Это был еще один изгнанный Васькой третьекурсник — Валера Гаузбрандт. Мы мало общались в Одессе, он смотрел на меня искоса, — я упорно называл его «брандспойтом». К тому же он был красавец, герой-любовник, все находили, что он похож на Пастернака, он и был похож, точнее, на написанный позже Катаевым портрет Пастернака, на Мулата.
Гаузбрандт рассказал, что он только что из Одессы, ему сделали справку, справку эту он сейчас отнесет в учебную часть, и мы пойдем, и я все расскажу.

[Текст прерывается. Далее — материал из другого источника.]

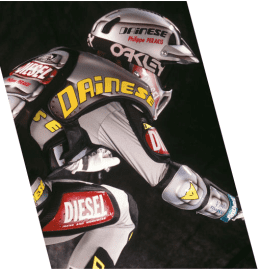 В середине 80-х многие гонщики тестируют защитные возможности поглощения ударов одежды Dainese. Представлен протектор спины и наколенник «saponette».
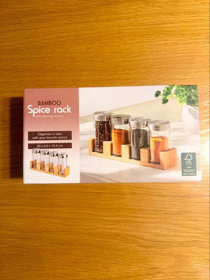✨Présentoir à épices neuf support bambou, pots en verre et inox. ✅ Neuf 🛍 D’autres articles sont disponibles dans mon dressing 🤩 la réduction sur les lots est activée 💶 N’hésitez pas à regarder 👀 pour limiter les frais d’envoi 📦

И я все рассказал, подробно и откровенно, стараясь не путаться в ощущениях, как не самому себе даже, а лучшему другу. Тонкий Гауз это почувствовал и растрогался до слез.
«Не знаю, — размышлял я, — стоит ли вообще здесь оставаться. Нужно, видимо, ехать домой, все рассказать, загреметь в армию, становиться мужчиной». Гаузбрандт горячо возражал, что все это успеется, надо дождаться Майко, он клевый мужик, кроме того, есть через кого поднажать, если надо, и мы зададим такого шороха на этом болоте…
— Ты понимаешь, тут все проверяется — кто был на корню жлоб с деревянной мордой, как твой Шева, тот им и оказывается. Не с кем слова перемолвить, — почти плакал Валера.
Мы сидели в шашлычной на улице Ленина, ели бастурму и запивали черным пуркарским.
— Хавай, хавай, — не сводил с меня материнского взгляда Валера, — бабки есть, до степухи хватит, а нет — достанем.
Удивительно и страшно, какой неограниченный кредит дает мне судьба, не говоря уже о главном —
Проматываясь, в нестерпимой тягеК одной из самых благодарных магий,Так много позаимствовал добра,Что даже галилейскому бродягеЯ задолжал таланта полтора —не говоря уже о главном —ангел-хранитель внимателен ко мне по пустякам.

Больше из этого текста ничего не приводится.